11 of 11 people found the following review helpful By M. Campbell on October 23, 2001
Format: Paperback
Like another reviewer, I also had this book for a course on Byzantine art. For the most part, Lowden's book is a "survey" in the fullest sense of the word: on average, he only spends a paragraph or two on a particular monument, focusing primarily on style and iconography for icon panels, mosaics, architecture, and "minor arts" (always a dilemma when writing a survey book--quantity of material versus level of depth in one's discussion). He also follows the traditional chronological framework of discussing Early Christian/Byzantine art: from the catacombs and the reign of Constantine, to the fall of Constantinople to the Ottoman Turks in 1453.
Having said this, Lowden's book stands out among other surveys for many reasons. Although too numerous for the length of this review, among such strengths are his extensive discussions of Byzantine manuscripts (Lowden's area of scholarly interest), including a chapter on production and reception.

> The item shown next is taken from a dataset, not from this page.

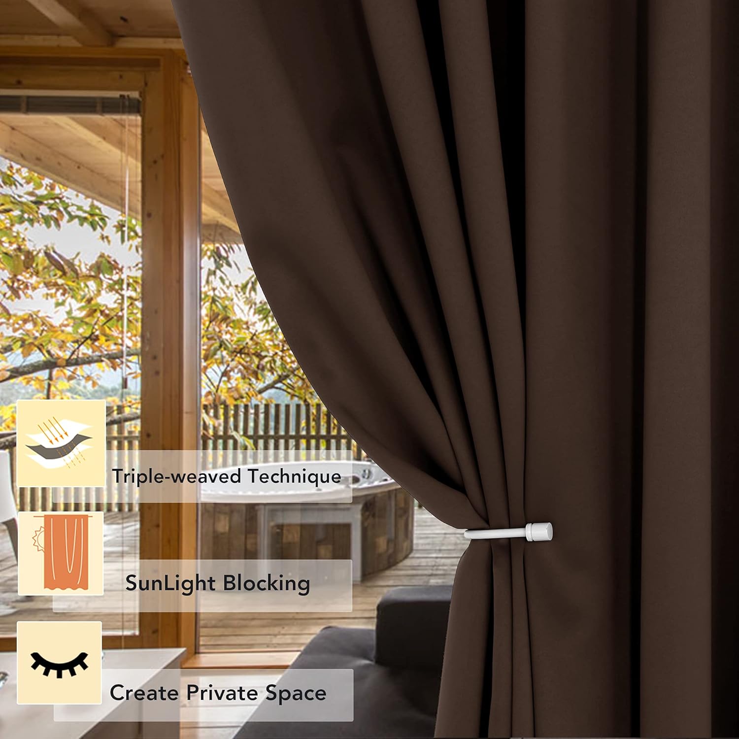 - PREMIUM BLACKOUT MATERIAL: Our room darkening curtain is made of 100% polyester fabric and have the same color with the front and back. Crafted in a certified STANDARD 100 by OEKO‑TEX factory from a durable soft and thick triple weave blackout fabric which block out 90% above sunlight and UV rays. Darker colors work better.

He also devotes some attention to the factors surrounding the rise of Iconoclasm, and subsequent artistic production after the iconophiles had "triumphed" over this era of the destruction of figural imagery.
Although a handful of other Byzantine art surveys have been published since Lowden's book (some good, some bad), I feel that this ranks within a small, high-quality group of studies on Byzantine art.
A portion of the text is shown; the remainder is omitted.